Thursday 21 July 2011

Indigestion: Eat Pray Love (2010) Review



Film: Eat Pray Love (2010)
Genre: Travel-drama
Director: Ryan Murphy
Cast: Julia Roberts, Javier Bardem, James Franco, Richard Jenkins, Billy Crudup
Screenplay: Ryan Murphy, Jennifer Salt (based on the book by Elizabeth Gilbert)
“I'm sick of people telling me that I need a man.”
I agree. What this post-divorce, emotionally-turmoiled, sobbing-in-the-toilet, broken woman needs instead is a scriptwriter. And one without Liz’s brand of writer’s block, please.
Eat Pray Love is a film with picturesque locations, empty words and characters who could have been, but aren’t. It’s not just a disappointing watch – it’s plain boring, where characters are caricatured, events stereotypical and ideas unrealistic. The film, made after the runaway success of the original Elizabeth Gilbert memoir and an Oprah recommendation, has Gilbert (Roberts) playing the victim of the big C.
Not that big C. Pfft! If only this movie could go that deep. The lone remotely traumatic event in its two hours is an unthawed turkey for the Thanksgiving dinner. The protagonist, I meant, is a commitment-phobe, though the movie would want you to believe it’s the men who run away. A self-important woman sobs for no apparent reason, then divorces her husband (Crudup), rushes in and out of a rebound romance (Franco), travels the world for pleasure (Rome, random Indian small town and Bali) and finally finds love in Felipe (Bardem).

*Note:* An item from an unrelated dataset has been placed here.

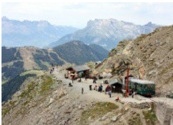
Gare d'arrivée Nid d'Aigle

Après, une pause déjeuner, nous allons apprendre les techniques de progression d'encordements, de cramponnages et d'utilisation du piolet sur le glacier de Tête Rousse; pour pouvoir évoluer dès le lendemain en toute sécurité avec votre Guide de Haute montagne sur l'itinéraire du Mont-Blanc.

It’s worse than it sounds.
With a story the audience already liked, two Academy Award winning actors (Roberts and Bardem) and Brad Pitt (producer, but still!), the film had in fact a lot going for it before release. Robert’s comeback to the industry was hugely anticipated and her conversion to Hinduism while shooting upped the hype a great deal. But the end product falls flat on its face with the story’s lack of coherence. Gilbert bleats (incessantly) like a lost lamb who’s forgotten that she deserted the herd. And even if you would rather gaze at the picture perfect frames the movie is bursting at its seams with – gorgeous food in Rome, crowded streets in India and the quiet beauty of Bali – you really can’t cut out the bleating for long.
Storytelling 101? Conflict and resolution. This film’s climax happens so unexpectedly that you begin to doubt the existence of any conflict at all. Which is why the makers should probably pull out an old DVD of Under the Tuscan Sun (2003) based on Frances Mayes’ memoirs and starring Diane Lane. A story on almost identical plot lines, Lane’s poignant portrayal is of a woman who learns she can be right and wrong. Something Gilbert does not. While she does go through the motions of self discovery, her heart and soul are far away in the busy streets of New York, probably working out an advance on her soon-to-be bestseller.
Gilbert’s search “for everything in Italy, India and Indonesia” is eventually, just about the ‘I’. Eat Pray Love fails to even be a saccharine dripping love story. The worst kind of film at the end of which you want your money back.
So it’s both a thumbs down and up for one of the most awaited films of 2010. Down because it reinforces the notion of books making bad screenplays. And up because only a really bad film like this can make you appreciate a good one.

1 comment:

  1. All said and done, I am still wondering, why were all these men going gaga over Julia Roberts.. she looks toooooo old in the movie :)
    Anyway, a nice review.. however, instead of demotivating me, it motivated me to watch the movie in order to c tht how bad can it get.. nd u r spot on tht only a really bad film like this can make you appreciate a good one.